The key difference in collision vs. comprehensive coverage is that, to a certain extent, the element of the car driver's control. As we have stated before, collision insurance will typically cover events within a motorist's control, or when another vehicle collides with your car. Comprehensive coverage generally falls under "acts of God or nature," that are typically out of your control when driving. These can include such events as a spooked deer, a heavy hailstorm, or a carjacking.
One of the most common third-party claims in no-fault states is the “mini-tort” claim. In no-fault states such as Michigan, “mini-tort” laws allow you to claim a small, statutorily-mandated amount of money from “the other driver’s” insurance company. Most no-fault insurers will require you to collect the mini-tort amount to offset whatever they are obligated to pay. Another common instance of a third-party claim in a no-fault state is an employment-related claim. Injuries or damages sustained in the course of your job or in a company vehicle often result in third-party claims.
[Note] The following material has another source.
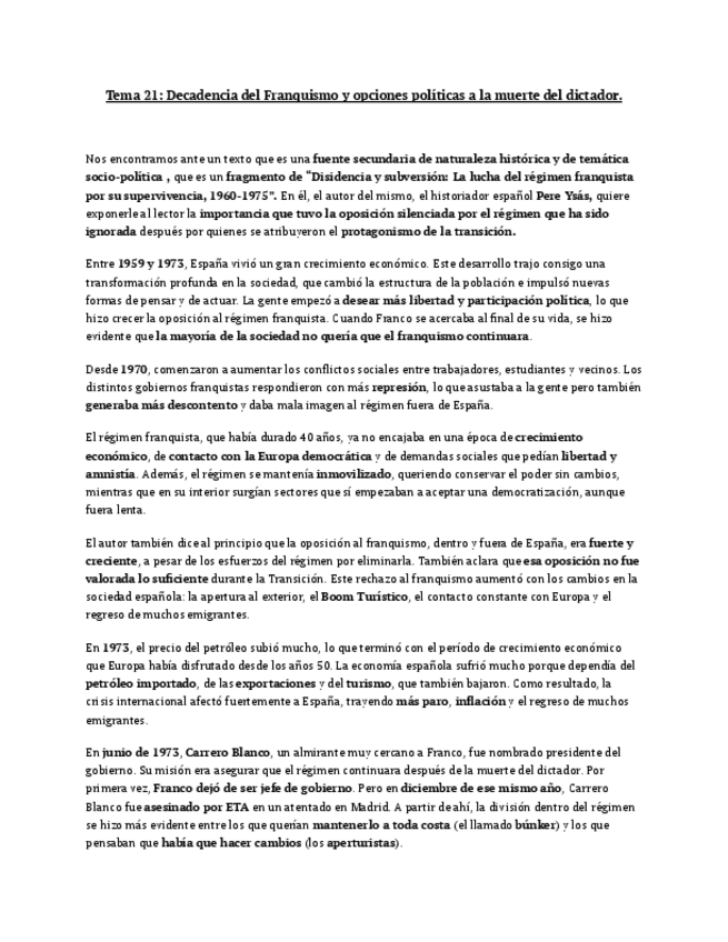 apuntes de historia de España tema 21. Redactado y listo para estudiar.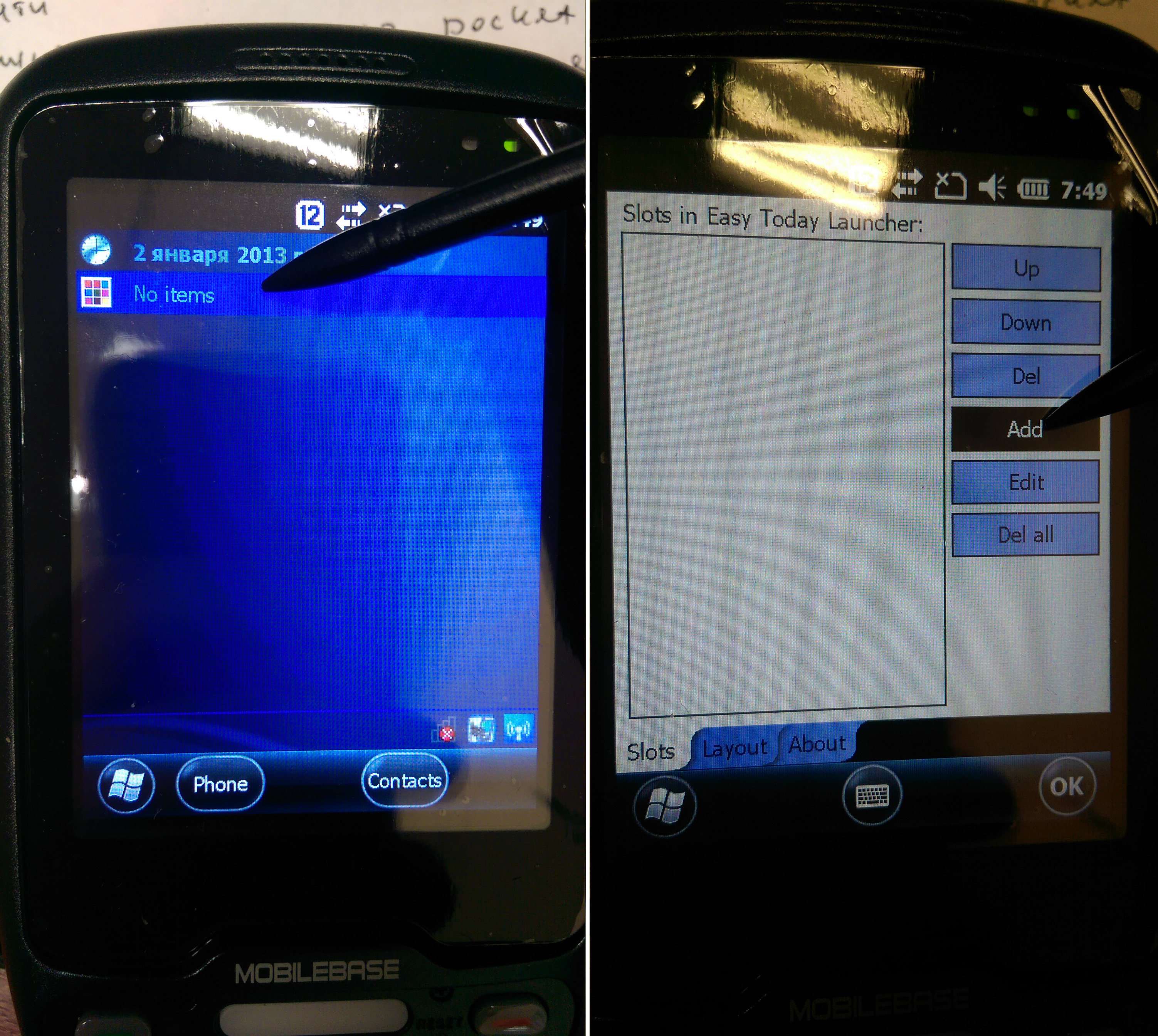 27. На экране ТСД нажимаем на надпись No items и попадаем в меню добавления значков на рабочий стол. Жмем Add, после ... в выпадающем списке выбираем флеш накопитель Nand папку temp -> Programs и по очереди добавляем на рабочий стол 4 ярлыка.

Comprehensive insurance is a coverage that helps pay to replace or repair your vehicle if it's stolen or damaged in an incident that's not a collision. Comprehensive typically covers damage from fire, vandalism or falling objects (like a tree or hail). If you're financing or leasing your car, your lender likely requires comprehensive coverage. If you own your vehicle outright, it's an optional coverage on your car insurance policy.